Start of DATA PROVIDED

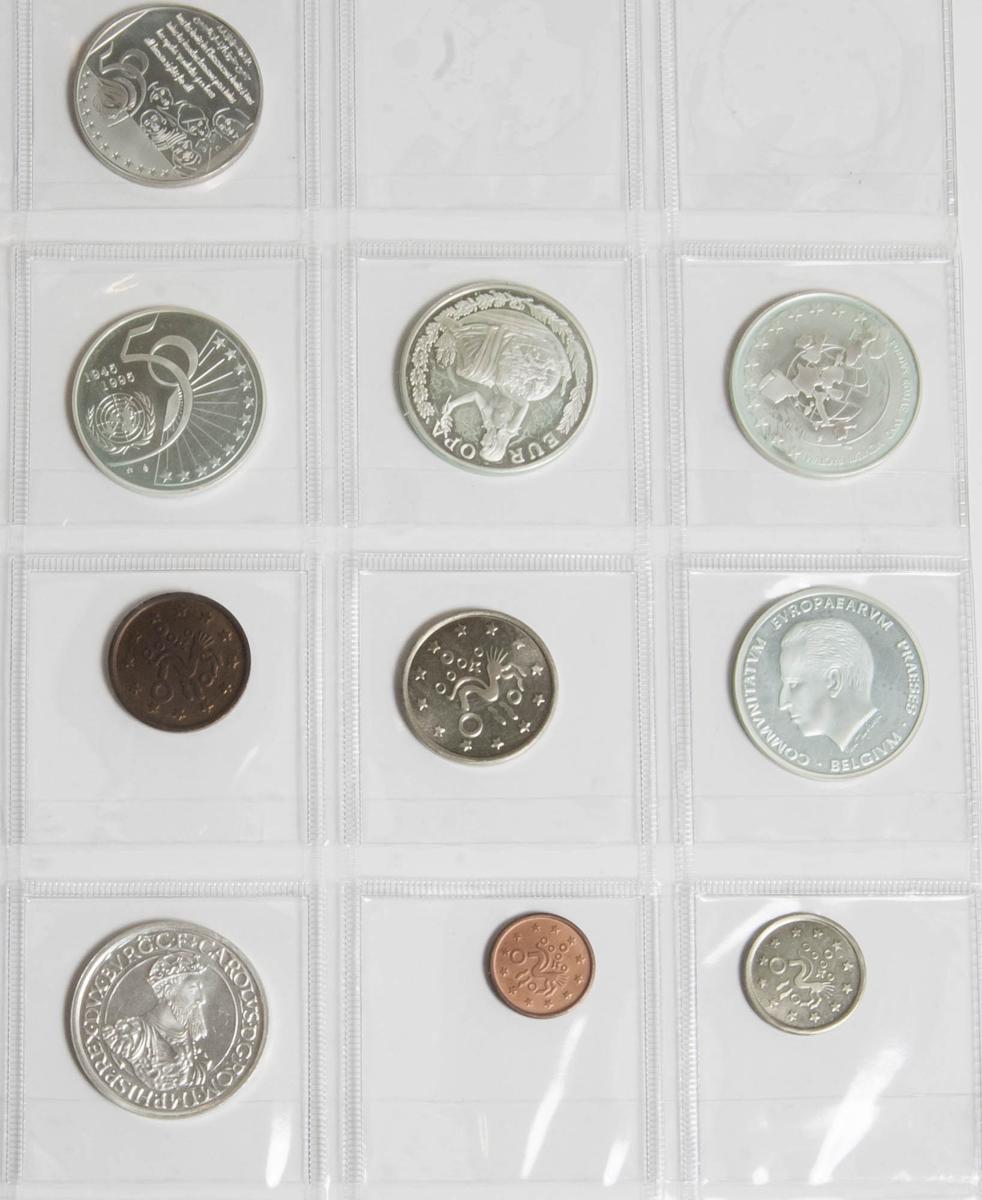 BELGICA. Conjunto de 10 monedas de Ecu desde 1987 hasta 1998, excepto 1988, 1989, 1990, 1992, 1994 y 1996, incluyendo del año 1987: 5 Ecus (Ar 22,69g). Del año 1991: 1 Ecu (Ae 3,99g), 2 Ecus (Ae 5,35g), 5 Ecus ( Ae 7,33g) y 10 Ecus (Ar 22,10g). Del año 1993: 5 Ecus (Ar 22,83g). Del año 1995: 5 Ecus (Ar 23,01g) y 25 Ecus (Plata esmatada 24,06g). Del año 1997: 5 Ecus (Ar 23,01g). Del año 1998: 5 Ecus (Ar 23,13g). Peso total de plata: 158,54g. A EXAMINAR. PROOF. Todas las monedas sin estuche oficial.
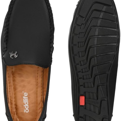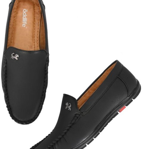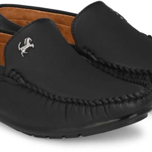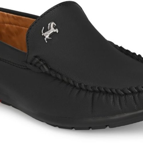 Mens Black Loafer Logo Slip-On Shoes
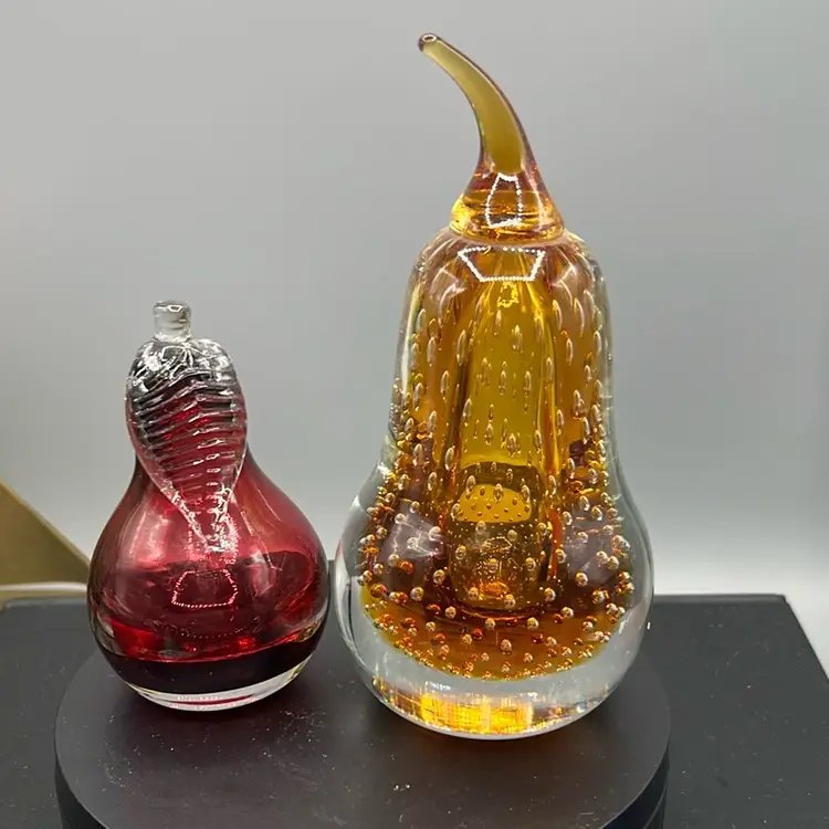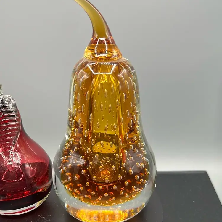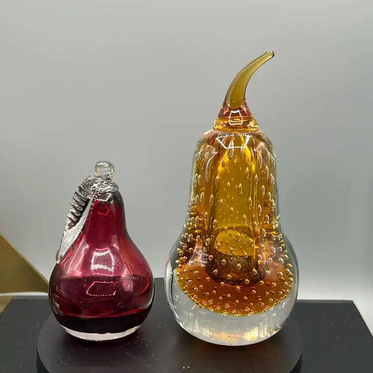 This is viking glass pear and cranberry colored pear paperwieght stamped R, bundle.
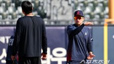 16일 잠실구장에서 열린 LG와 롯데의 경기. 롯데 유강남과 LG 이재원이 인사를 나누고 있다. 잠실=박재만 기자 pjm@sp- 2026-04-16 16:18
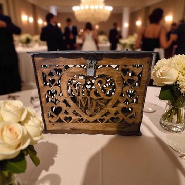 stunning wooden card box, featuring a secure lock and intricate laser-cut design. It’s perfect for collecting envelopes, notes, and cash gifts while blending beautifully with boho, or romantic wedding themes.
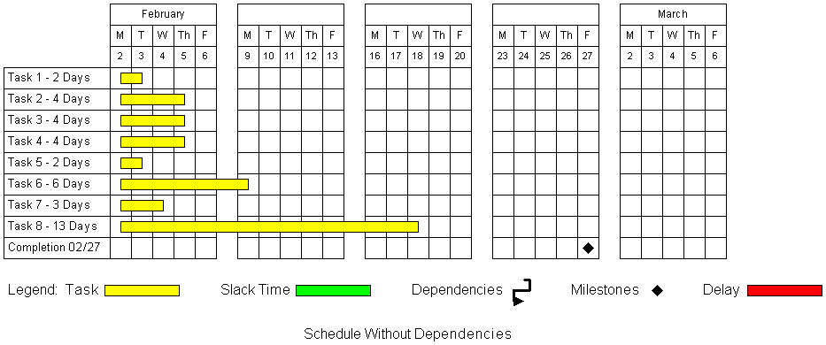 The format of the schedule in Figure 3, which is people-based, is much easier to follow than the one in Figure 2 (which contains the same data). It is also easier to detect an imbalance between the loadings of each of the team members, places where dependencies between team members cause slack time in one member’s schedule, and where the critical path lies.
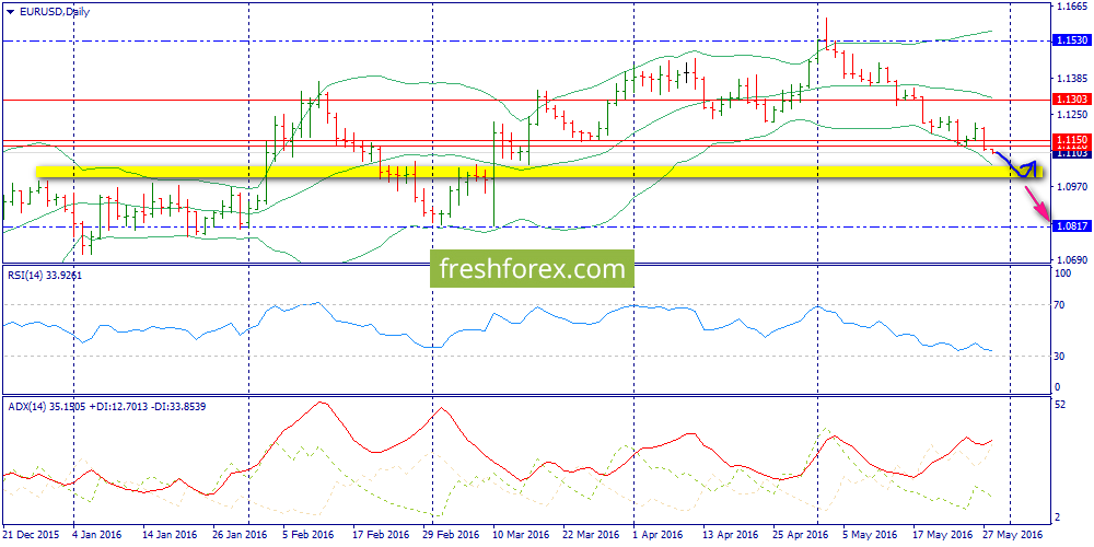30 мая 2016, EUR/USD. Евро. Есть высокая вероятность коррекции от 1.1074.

End of DATA PROVIDED

WHAT IS REQUIRED: Here the job is to copy the listing above word for word, starting at the line with "16일 잠실구장에서 열린" and ending at the line with "stunning wooden card", and to leave out the pictures.

RESULT FOR THIS TASK:
 16일 잠실구장에서 열린 LG와 롯데의 경기. 롯데 유강남과 LG 이재원이 인사를 나누고 있다. 잠실=박재만 기자 pjm@sp- 2026-04-16 16:18
 stunning wooden card box, featuring a secure lock and intricate laser-cut design. It’s perfect for collecting envelopes, notes, and cash gifts while blending beautifully with boho, or romantic wedding themes.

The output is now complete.